During this titration study the patient was switched from ST to PC mode with a set respiratory rate and Ti. In this situation the machine initiates and delivers breaths at a set pressure and rate. Any additional spontaneous breaths taken by the patient, between the machine initiated breaths, are not supported by pressure from the machine. In PC mode, the ventilator cycles off the breaths when the pressure is delivered for a set Ti. In this sample, the Ti was set at 0.3 seconds which is extremely short for the patient’s own respiratory rate of 12bpm. For a normal inspiratory:expiratory ratio of 1:2, this respiratory rate should allow inspiratory time of 1.66 seconds (vs 0.3 seconds) and an exhalation time of 3.34 seconds. The short Ti in this case could not sustain the delivered breaths for long enough to move the chest wall with resulting central apneas (Figure 2, red lines). The blue arrows in figure 2 clearly represent breaths initiated by the ventilator and not the patient as there is no evidence of respiratory effort to initiate the breaths in either the chest or abdominal leads on the patient.

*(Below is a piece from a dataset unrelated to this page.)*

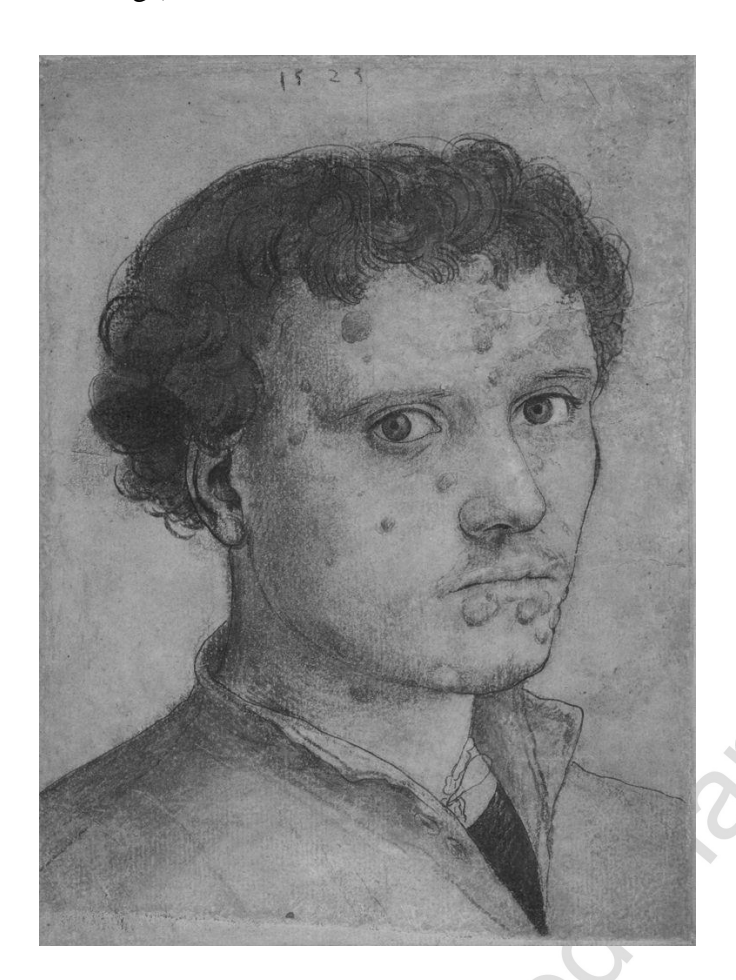
Figure 1. Holbein the Younger. Portrait of Ulrich von Hutten, 1523 (with permission of the Harvard Art Museums/Fogg Museum, Bequest of Paul J. Sachs, "A Testimonial to my friend Felix M. Warburg").

This example demonstrates the problems faced when the Ti is not set appropriately to the patient’s ventilatory needs. The physician and sleep technologist must be aware of the default settings on the ventilators that they are using to provide accurate titration information. A specific area of concern is for patients with neuromuscular weakness with low inspiratory flow rates who cannot trigger the pressure support features of current ventilators. The pediatric neuromuscular population, in particular, is at high risk for both triggering and cycling problems as the algorithms in these machines are designed for adults. To date, there are no BLPAP machines approved by the Food and Drug Administration for use in children under 7 years old and weighing less than 40lbs. In some cases, if left at default settings, the Ti is too long for younger children and therefore the required inspiratory pressure is not met before the child cycles into expiration.4
Although we were able to obtain accurate transcutaneous carbon dioxide (CO2) measurements during the study, we were unable to obtain end tidal CO2 monitoring due to significant mouth breathing by the patient. The capnography tracing would have been helpful in this case because it would specifically represent the flow from the patient alone while the nasal pressure and CPAP flow tracings represent the combination of the patient and machine air flow. This differentiation would help to identify exactly what support was delivered to the patient by the ventilator and what effort they were generating for themselves.
This case highlights the importance of reviewing the intrinsic algorithms of the ventilator used and adjusting the default settings to suit the patient’s needs during a titration study. There is clearly a need for machines that can specifically address the ventilatory needs of pediatric patients with neuromuscular disorders.
References
1. Arens R, Muzumdar H. Sleep, sleep disordered breathing, and nocturnal hypoventilation in children with neuromuscular diseases. Paediatr Respir Rev. 2010;11:24-30.
2. Berry RB, Chediak A, Brown LK, et al. Best clinical practices for the sleep center adjustment of noninvasive positive pressure ventilation (NPPV) in stable chronic alveolar hypoventilation syndromes. J Clin Sleep Med. 2010;6:491-509.
3. www.respironics.com/UserGuides/UserGuideBiPAPSynchrony.pdf
4. Liner LH, Marcus CL. Ventilatory management of sleep-disordered breathing in children. Curr Opin Pediatr. 2006;18:272-276.